Ben klasik kitap okuru kategorisindeyim. Benim için kitap hâlâ fiziksel bir nesne ama çağ da tabii ki değişiyor. Bununla ilgili yapılan araştırmalarda kitabı okurken ve dinlerken gerçekleşen beyinsel faaliyetleri izleniyor insanların. Bildiğimiz kitabın yok olacağını düşünmüyorum ama sesli kitap yükselecek. Öykülerimden seslendirilenler oldu. “Deli İbram Divanı” için de öneriler var.
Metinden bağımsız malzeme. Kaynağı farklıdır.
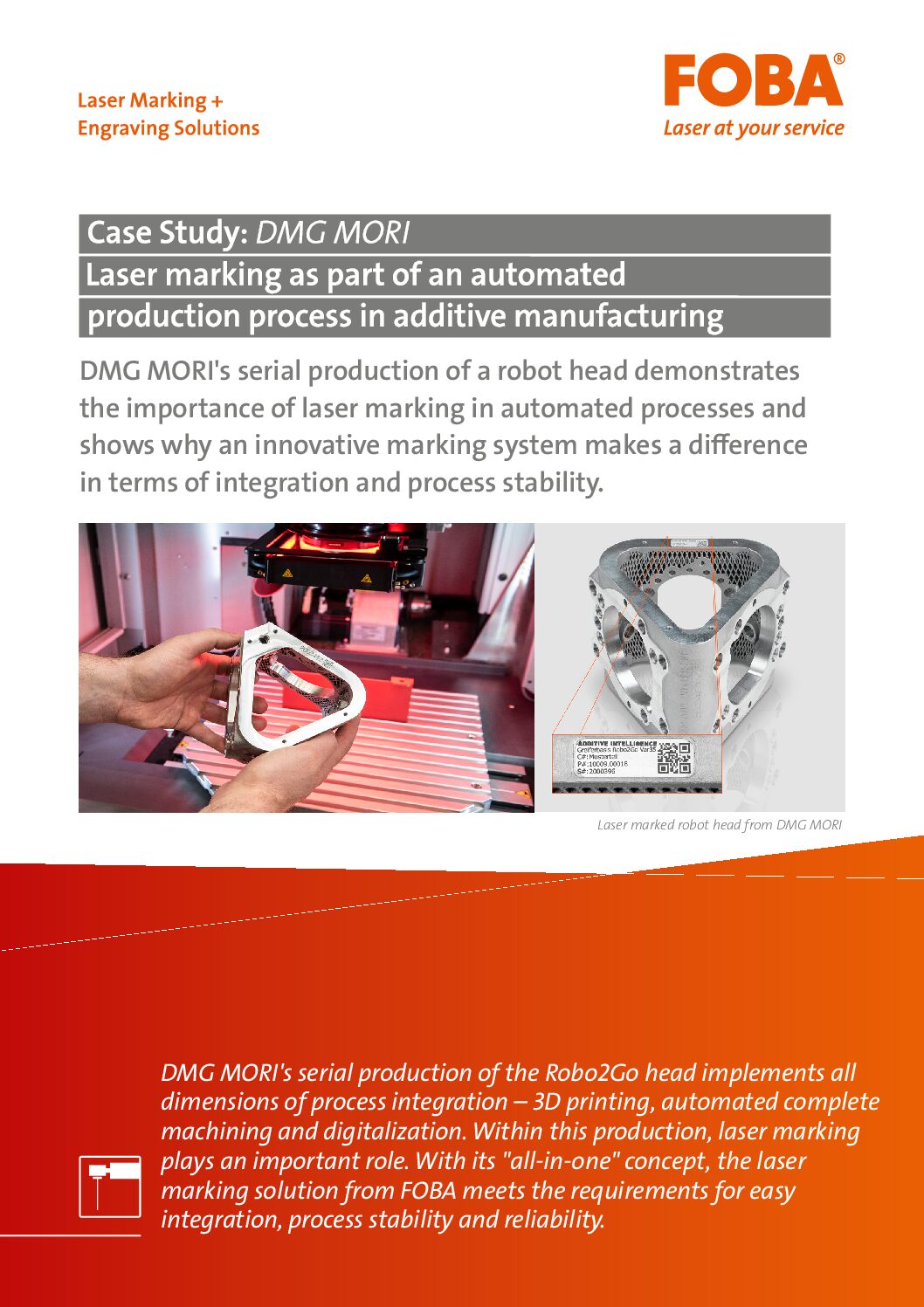 DMG MORI utilizes a comprehensive process chain, starting with 3D printing of robot heads using the LASERTEC 30 DUAL SLM, forming part of the flexible Robo2Go workpiece handling system. Following printing, laser marking ensures reliable identification and traceability throughout the product lifecycle, crucial for automated production. Integrated with the manufacturing execution system TULIP, FOBA’s laser marking solution enables precise, error-free markings, supported by a vision system that compensates for minimal positional shifts during additive manufacturing, ensuring accurate part identification and quality assurance.

Sesli kitap demişken; Ercan Kesal, Gülçin Santırcıoğlu, Taner Birsel Deli İbram Divanı’ndan pasajlar okudular.

İşlerini, eserlerini, izlediğim, sevdiğim sanatçılar. Onlar da benim okurlarım. Güzel bir dayanışma oldu. BirGün aracılığıyla teşekkürlerimi; selam, sevgilerimi iletiyorum.